The 2009 IOM guidelines recommend that overweight women with a singleton pregnancy gain a total of 15 to 25 lb during pregnancy (compared with 25 to 35 lb for normal-weight women). Obese women are advised to gain only 11 to 20 lb during the course of their pregnancy. These recommendations were based primarily on class I obesity because data are limited regarding weight gain recommendations for each class of obesity. As such, the IOM guidelines do not differentiate among class I obesity (BMI 30 to 34.9 kg/m ² ), class II obesity (BMI 35 to 39.9 kg/m ² ), and class III obesity (BMI ≥40 kg/m ² ). The 11 to 20 lb gestational weight gain for obese patients primarily represents the obligatory weight gain of pregnancy—approximately 12 to 14 lb of water, 2 lb of protein, and a variable amount of adipose tissue ( Table 6.2 ).
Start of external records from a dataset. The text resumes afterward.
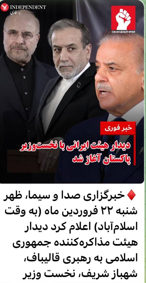 ⚡️ Иранская делегация во главе с Мохаммадом Багером Галибафом сейчас встречается с Шахбазом Шарифом. По графику сегодня же могут пройти и переговоры с американцами, но в Тегеране подчёркивают: окончательного зелёного света ещё нет. Tasnim пишет, что если диалог всё же стартует, он пока рассчитан только на один день. Подпишитесь на канал
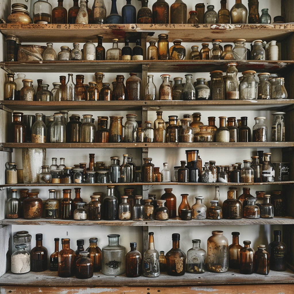 - Apothecary jars and dropper bottles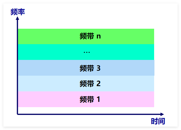 划分频带,所有用户在同样的时间占用不同的带宽(即频带)资源。用户分配到带宽后,在通信过程中会独占这个带宽。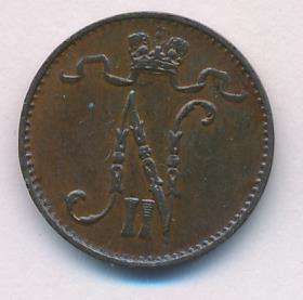 Лицевая сторона — вензель Александра II, оборотная — номинал (1 PENNIA) и дата. Нормативный вес — 1,28 грамма, гурт гладкий.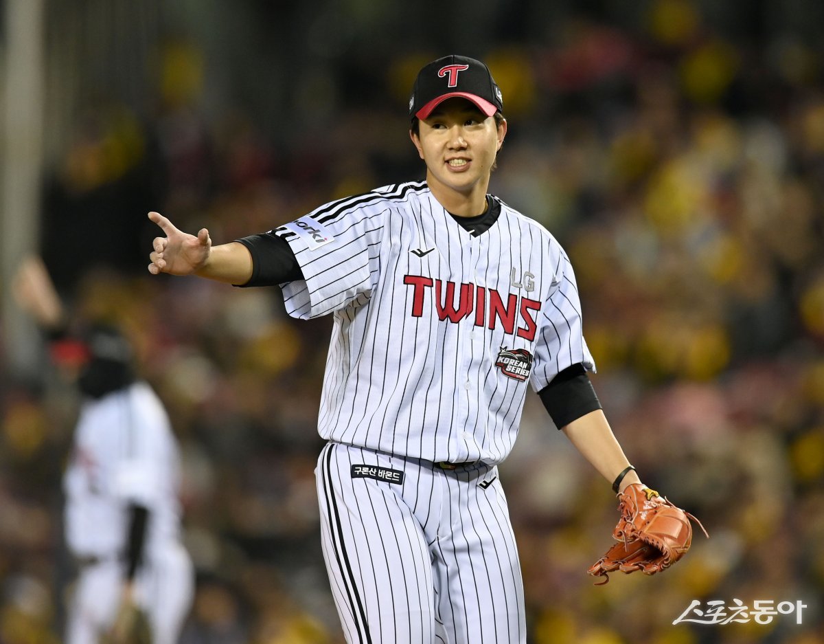 13일 서울 잠실야구장에서 ‘2023 신한은행 SOL KBO리그’ 포스트시즌 한국시리즈 5차전 KT 위즈와 LG 트윈스 경기가 열렸다. 6회초 1사 LG 유형찬이 KT 알포드를 삼진아웃시킨 후 웃고 있다. 잠실 | 김종원 기자 won@donga.com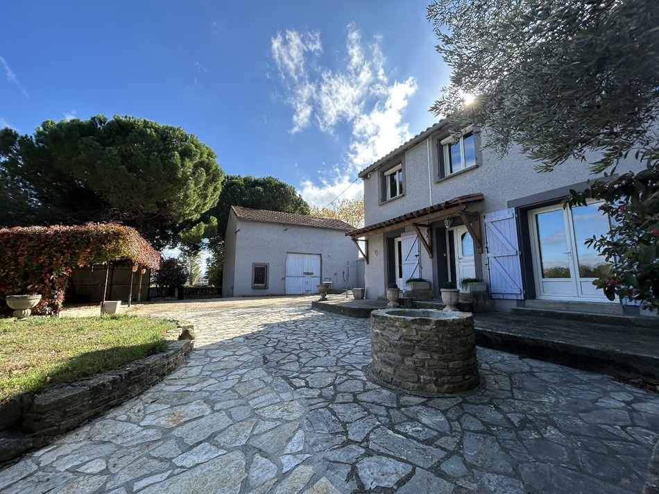 Detached house, renovated and well located for those looking for proximity to Carcassonne. Ideal location for professionals who need a large workshop/garage. Several parking spaces under a carport plus land in front of the house. No neighbors. Vineyard land with Cabernet Franc, Cabernet Sauvignon and Sauvignon Blanc grape varieties. Large vegetable garden and water drawn from the river (several places have taps to be able to water and clean tools/machines. There is also a small shed for gardening tools and a place to store firewood. The house has an entrance with pantry and WC. Modern kitchen with induction hob, extractor hood, oven and fridge. Door with direct access to the terrace. Large living/dining room of 34m² with fireplace insert and door to the terrace. Office with staircase, access to the first floor. Here 5 bedrooms (including three large and two children's bedrooms). Bathroom with bath/shower, sink and WC. Enclosed garden with carport, a well and large barn on two levels of 80sq.m each floor. You can leave your house and go directly into the vineyards. A path around gives easy access to all the plots and allow you to take a beautiful walk around on foot. Close to all amenities, schools etc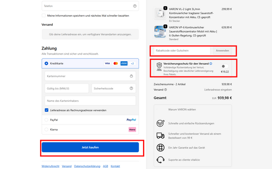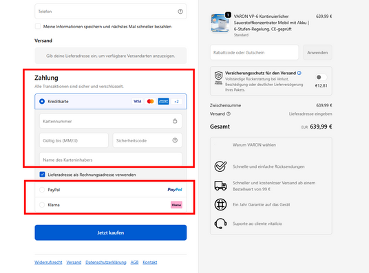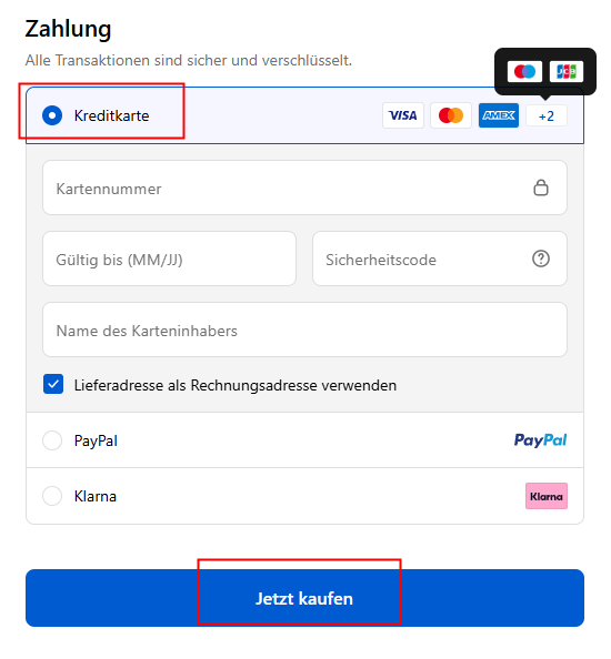 Überprüfen Sie alle Angaben und den Endbetrag. Klicken Sie dann auf „Jetzt kaufen“, um zur endgültigen Zahlungsbestätigung (z.B. Eingabe Ihrer PIN oder Weiterleitung zu PayPal) weitergeleitet zu werden. Mit dieser Bestätigung ist Ihr Kauf abgeschlossen.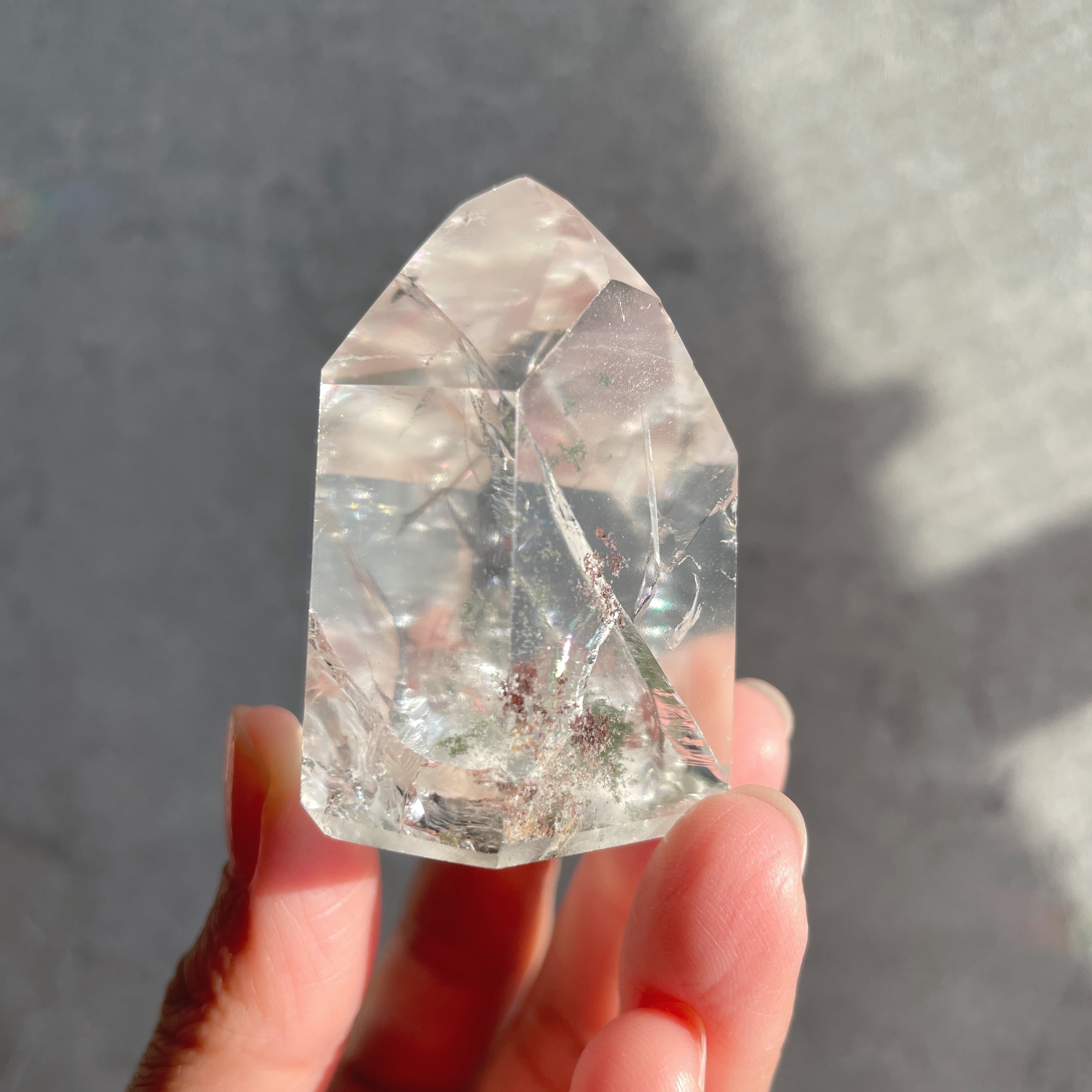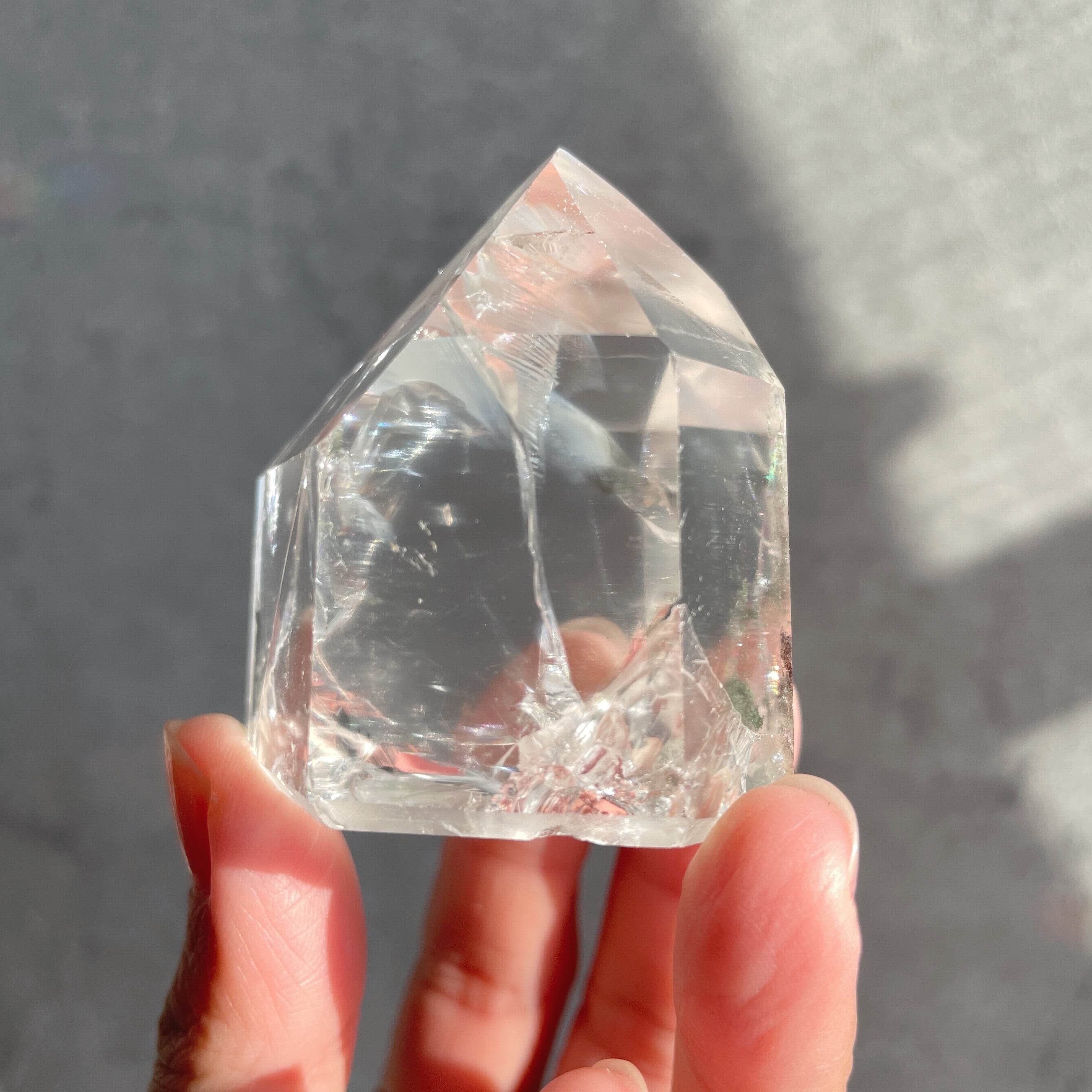 水晶にクラック(ひびや割れ)があると、光が屈折して、プリズムのようにレインボーの七色の輝きが見られます。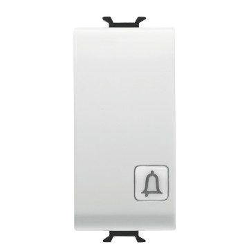 UNIPOLAR BUTTON 250V ac - NA 16A ILLUMINABLE - WITH REPLACEABLE NEUTRAL LENS - BELL SYMBOL - 1 MODULE - GLOSSY WHITE - CHORUSMART

Some authors have recommended less gestational weight gain for obese class II and III women to decrease neonatal morbidity. However, other studies have noted an increased risk of SGA babies in overweight and obese women with inadequate gestational weight gain. Currently for obese pregnant women with less weight gain than recommended by the IOM guidelines but with an appropriately grown fetus, no evidence exists that encouraging increased weight gain will improve maternal or neonatal outcomes.

Multiple Gestations

For twin pregnancies, the IOM recommends a gestational weight gain of 37 to 54 lb for women of normal weight, 31 to 50 lb for overweight women, and 25 to 42 lb for obese women ( Table 6.3 ). There are insufficient data and thus no recommendations for triplet and higher-order gestations.

Adolescents

Approximately 17% of teenage girls ages 12 through 19 are obese in America, and these obese teens face the same obstetric risks that adult obese women face. Because 80% of teen pregnancies are unintended and therefore the window to discuss preconception nutrition is missed, the efforts to discuss appropriate gestational weight gain and adequate nutrition should be made during early prenatal care visits. Studies have shown that teens who are obese before conceiving are more likely to remain obese postpartum. The IOM recommendations state that adolescents should follow the adult BMI categories to guide their weight gain.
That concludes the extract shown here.